Skipping all pictures, print exactly the lines below from the one with "Katbite 8 inch" through the final line.

#####

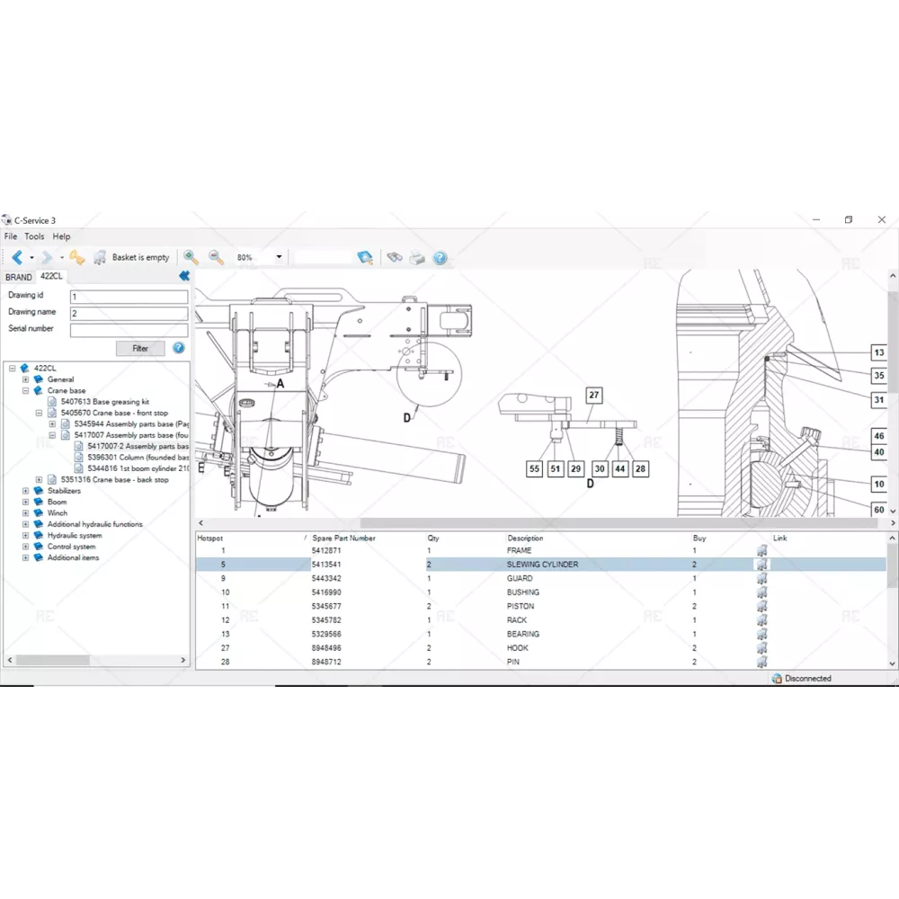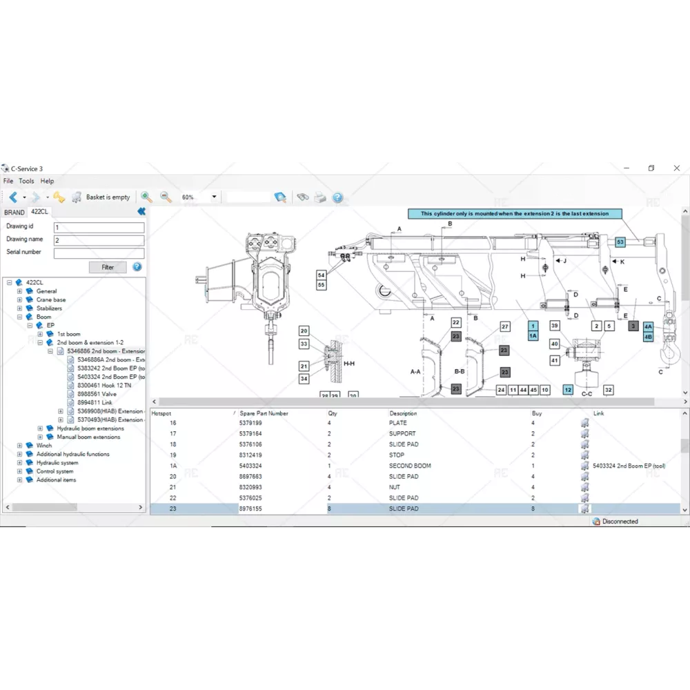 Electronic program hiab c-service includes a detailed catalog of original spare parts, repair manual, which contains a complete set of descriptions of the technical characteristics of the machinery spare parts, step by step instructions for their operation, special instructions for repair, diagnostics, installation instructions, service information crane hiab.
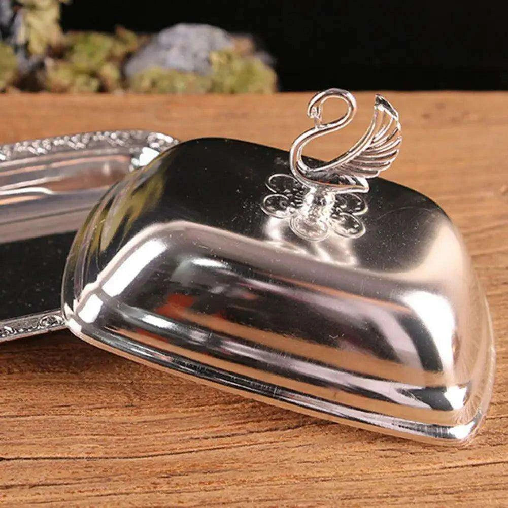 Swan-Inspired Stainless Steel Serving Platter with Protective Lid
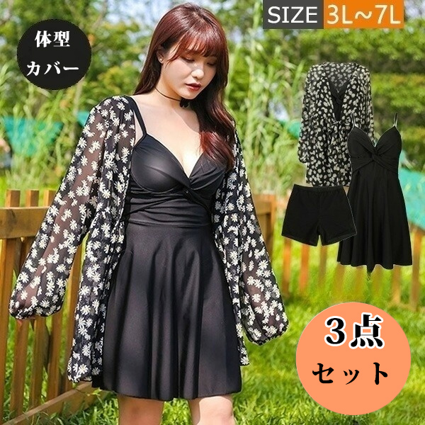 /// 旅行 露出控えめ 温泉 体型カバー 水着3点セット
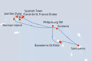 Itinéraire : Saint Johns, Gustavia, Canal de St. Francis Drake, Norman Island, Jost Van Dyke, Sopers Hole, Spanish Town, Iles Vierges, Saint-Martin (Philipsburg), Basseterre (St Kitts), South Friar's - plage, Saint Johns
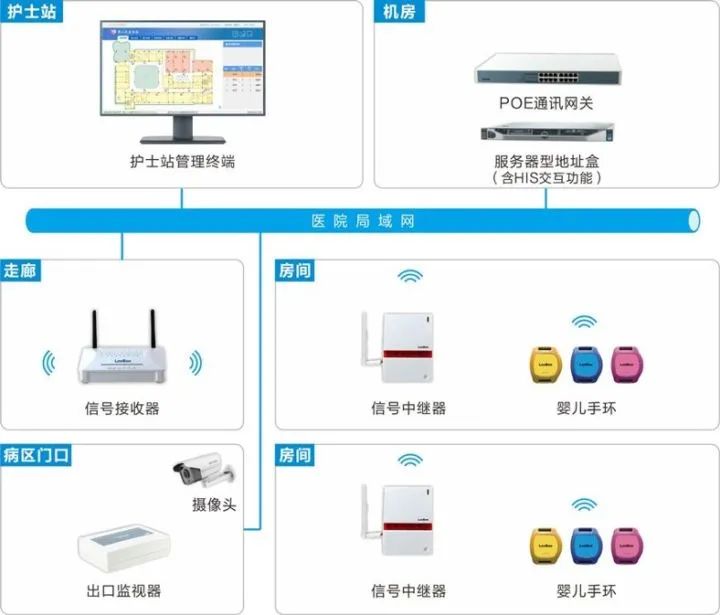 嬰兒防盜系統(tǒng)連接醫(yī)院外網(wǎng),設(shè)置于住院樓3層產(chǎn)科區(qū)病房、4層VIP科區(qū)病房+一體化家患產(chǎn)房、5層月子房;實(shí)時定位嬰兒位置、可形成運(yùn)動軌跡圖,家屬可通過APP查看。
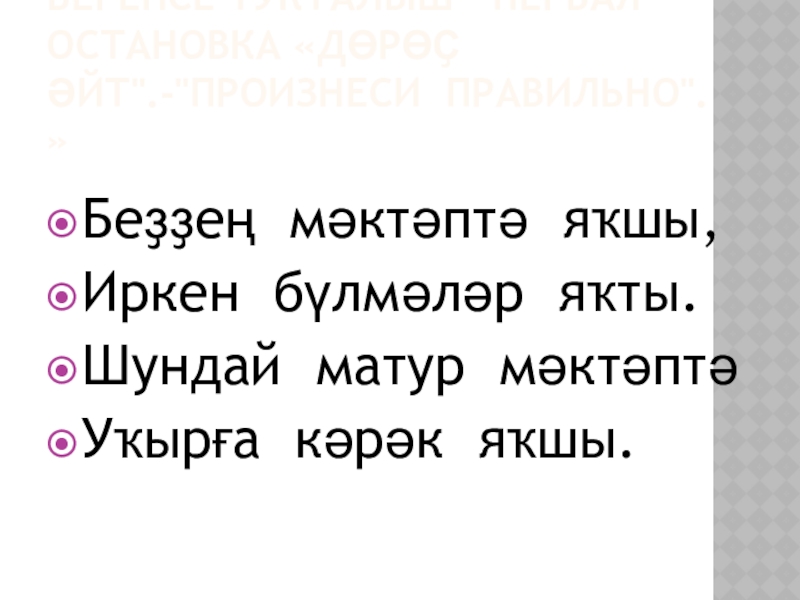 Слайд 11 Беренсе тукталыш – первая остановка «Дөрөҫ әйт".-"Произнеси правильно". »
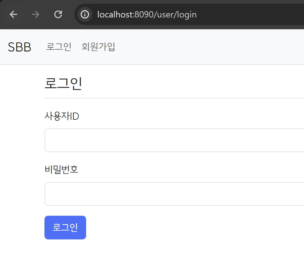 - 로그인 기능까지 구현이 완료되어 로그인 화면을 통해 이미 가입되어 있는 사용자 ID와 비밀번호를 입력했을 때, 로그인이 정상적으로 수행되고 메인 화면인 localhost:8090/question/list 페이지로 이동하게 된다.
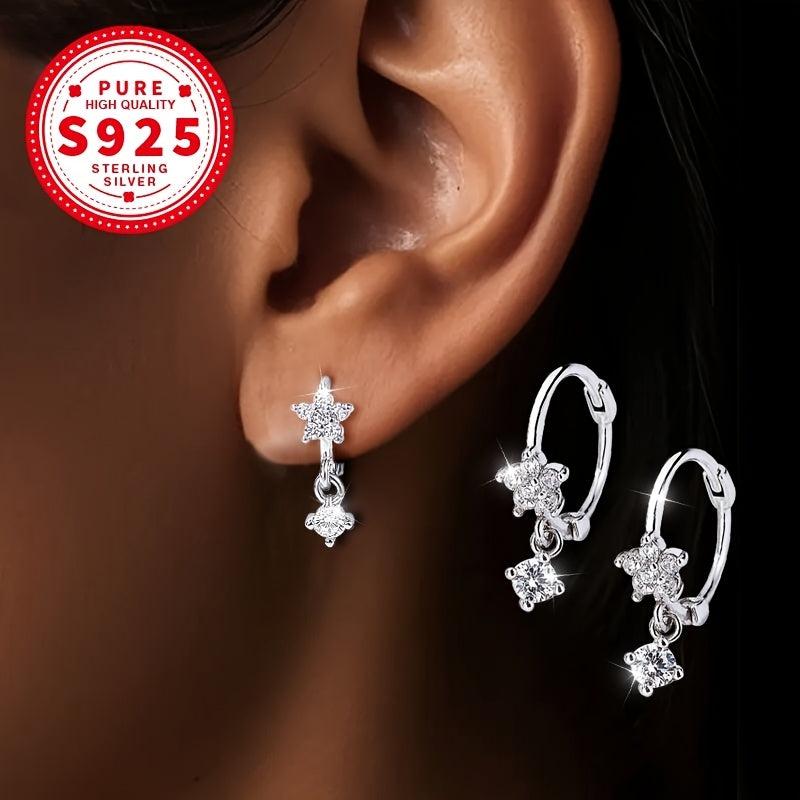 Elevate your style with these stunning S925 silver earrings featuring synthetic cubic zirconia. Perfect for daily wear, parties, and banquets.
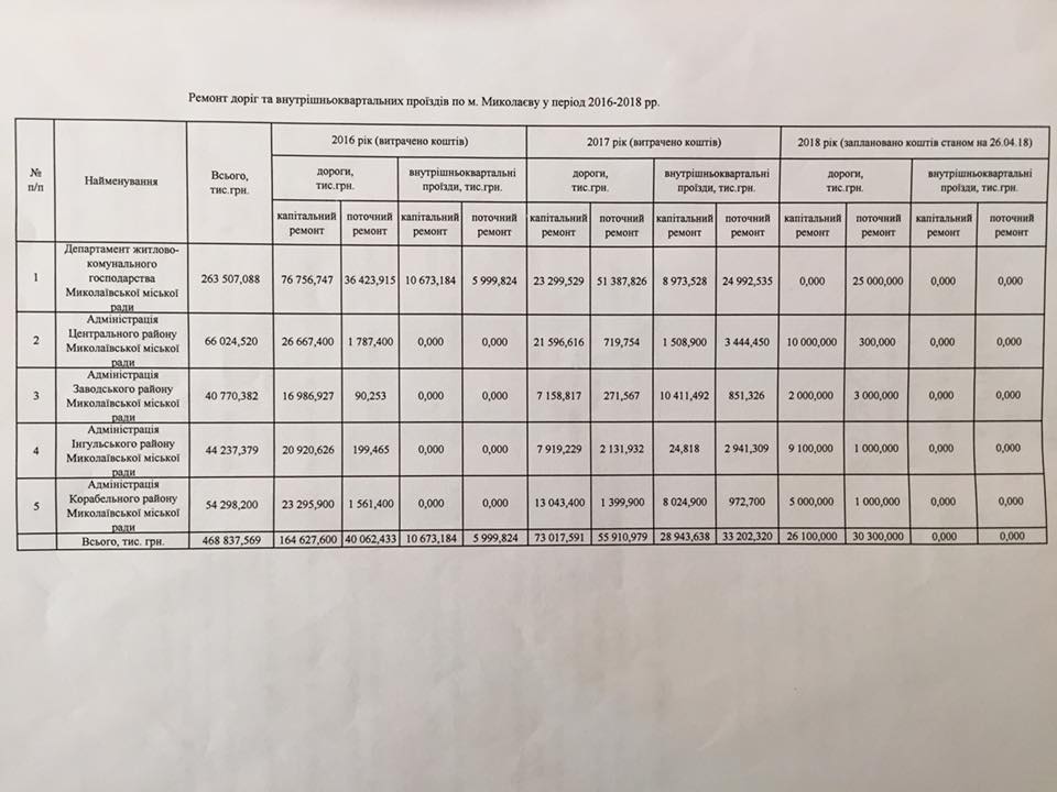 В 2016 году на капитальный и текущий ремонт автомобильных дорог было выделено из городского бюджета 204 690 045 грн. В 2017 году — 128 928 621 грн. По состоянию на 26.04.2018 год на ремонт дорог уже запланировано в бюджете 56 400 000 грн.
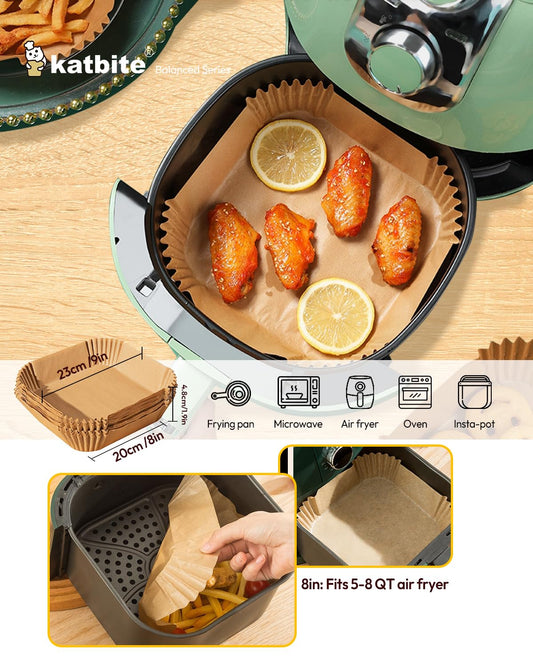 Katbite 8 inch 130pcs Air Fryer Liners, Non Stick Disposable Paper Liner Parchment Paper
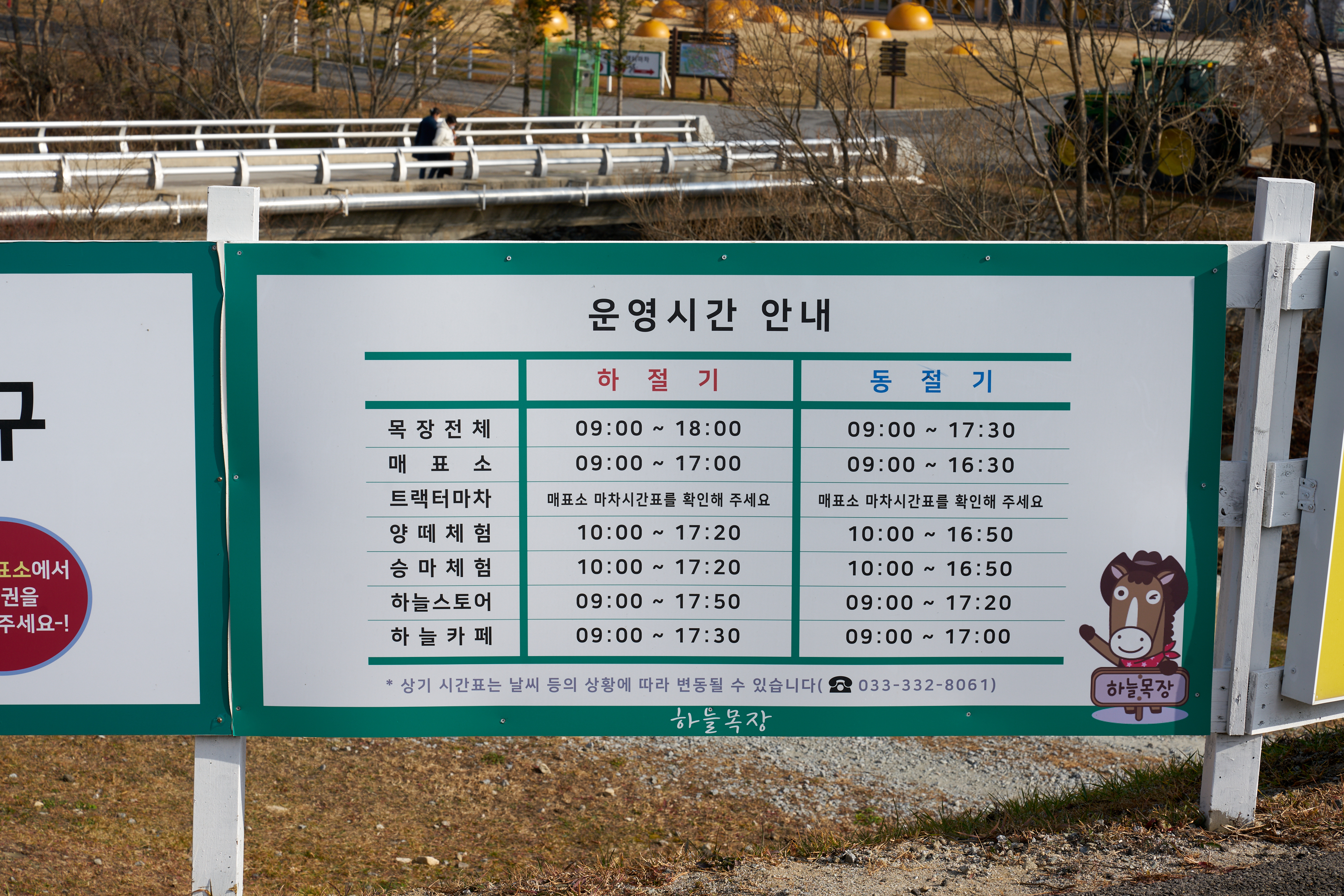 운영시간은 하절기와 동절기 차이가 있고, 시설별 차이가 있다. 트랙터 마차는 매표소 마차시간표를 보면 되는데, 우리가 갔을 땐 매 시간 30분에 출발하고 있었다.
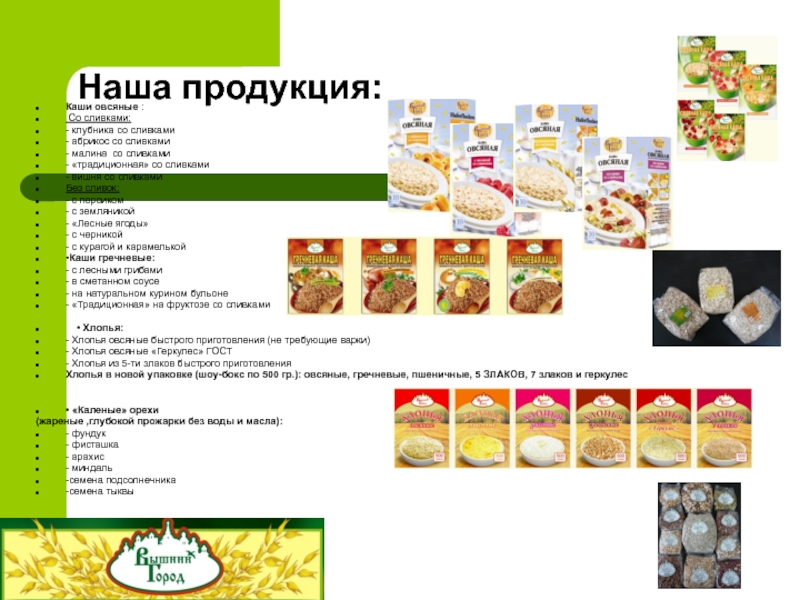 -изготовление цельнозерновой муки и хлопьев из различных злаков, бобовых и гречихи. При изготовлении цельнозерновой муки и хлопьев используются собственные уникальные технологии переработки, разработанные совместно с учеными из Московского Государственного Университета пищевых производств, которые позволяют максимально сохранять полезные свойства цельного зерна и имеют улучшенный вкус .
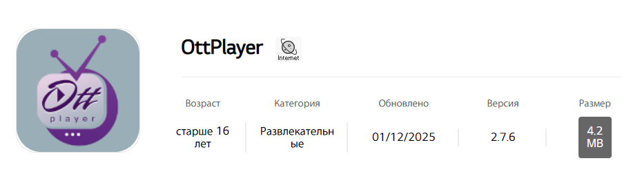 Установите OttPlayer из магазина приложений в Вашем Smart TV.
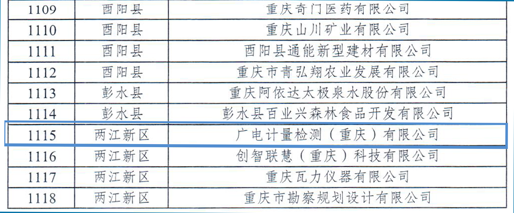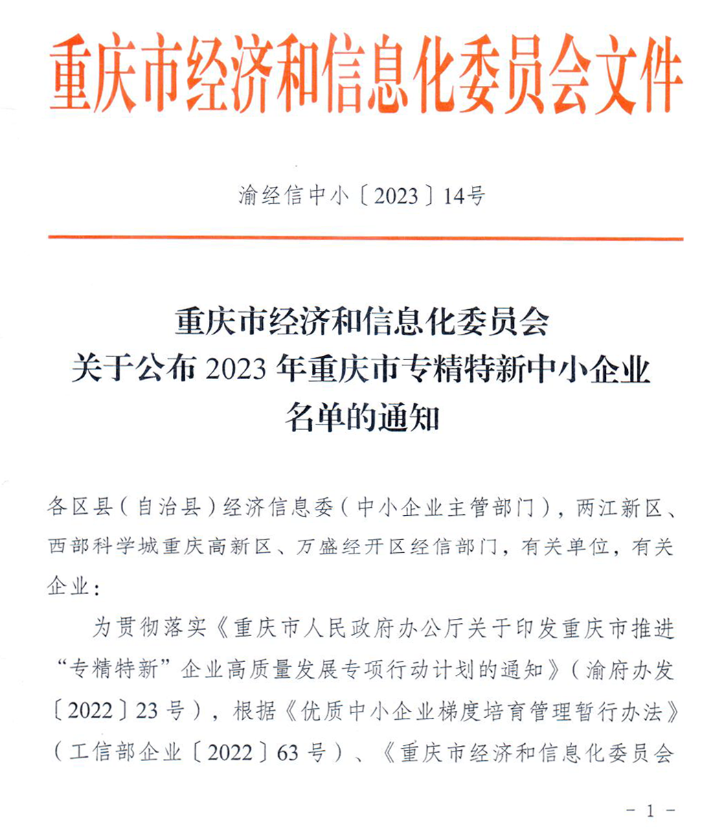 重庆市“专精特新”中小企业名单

#####

ANSWER SECTION:
 Katbite 8 inch 130pcs Air Fryer Liners, Non Stick Disposable Paper Liner Parchment Paper
 운영시간은 하절기와 동절기 차이가 있고, 시설별 차이가 있다. 트랙터 마차는 매표소 마차시간표를 보면 되는데, 우리가 갔을 땐 매 시간 30분에 출발하고 있었다.
 -изготовление цельнозерновой муки и хлопьев из различных злаков, бобовых и гречихи. При изготовлении цельнозерновой муки и хлопьев используются собственные уникальные технологии переработки, разработанные совместно с учеными из Московского Государственного Университета пищевых производств, которые позволяют максимально сохранять полезные свойства цельного зерна и имеют улучшенный вкус .
 Установите OttPlayer из магазина приложений в Вашем Smart TV.
 重庆市“专精特新”中小企业名单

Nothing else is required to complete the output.